::: Material to process :::

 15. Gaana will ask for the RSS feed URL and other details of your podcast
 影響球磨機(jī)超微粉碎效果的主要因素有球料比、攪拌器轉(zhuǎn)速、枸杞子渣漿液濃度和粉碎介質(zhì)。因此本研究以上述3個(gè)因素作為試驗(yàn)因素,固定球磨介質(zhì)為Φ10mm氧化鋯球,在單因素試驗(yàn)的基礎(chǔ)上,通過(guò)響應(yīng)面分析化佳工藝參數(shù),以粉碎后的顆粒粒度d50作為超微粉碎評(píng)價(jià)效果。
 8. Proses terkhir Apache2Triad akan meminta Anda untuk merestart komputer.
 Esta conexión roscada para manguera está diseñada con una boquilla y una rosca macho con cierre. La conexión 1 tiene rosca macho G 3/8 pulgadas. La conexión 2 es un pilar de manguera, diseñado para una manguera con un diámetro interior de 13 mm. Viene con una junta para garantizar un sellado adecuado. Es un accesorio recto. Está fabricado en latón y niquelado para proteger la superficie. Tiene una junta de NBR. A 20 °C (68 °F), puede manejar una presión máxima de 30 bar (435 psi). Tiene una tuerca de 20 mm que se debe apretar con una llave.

:::
::: Material to process :::

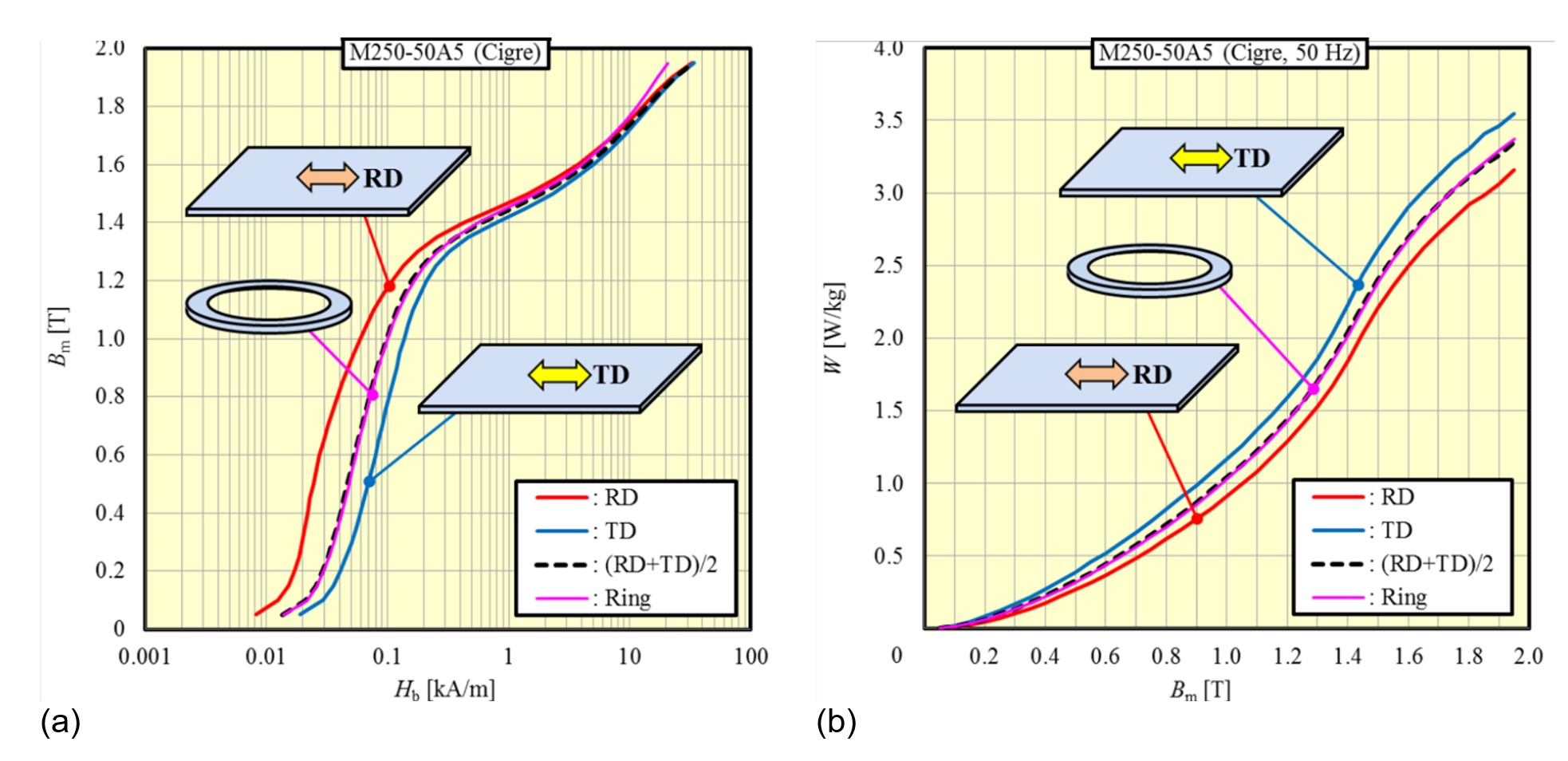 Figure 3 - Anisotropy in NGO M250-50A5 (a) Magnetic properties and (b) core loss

:::

_What needs to be done:_ Would you retype exactly the lines above, from the line with "15. Gaana will" to the line with "影響球磨機(jī)超微粉碎效", with both end lines kept and nothing more?

_Solution to this exercise:_
 15. Gaana will ask for the RSS feed URL and other details of your podcast
 影響球磨機(jī)超微粉碎效果的主要因素有球料比、攪拌器轉(zhuǎn)速、枸杞子渣漿液濃度和粉碎介質(zhì)。因此本研究以上述3個(gè)因素作為試驗(yàn)因素,固定球磨介質(zhì)為Φ10mm氧化鋯球,在單因素試驗(yàn)的基礎(chǔ)上,通過(guò)響應(yīng)面分析化佳工藝參數(shù),以粉碎后的顆粒粒度d50作為超微粉碎評(píng)價(jià)效果。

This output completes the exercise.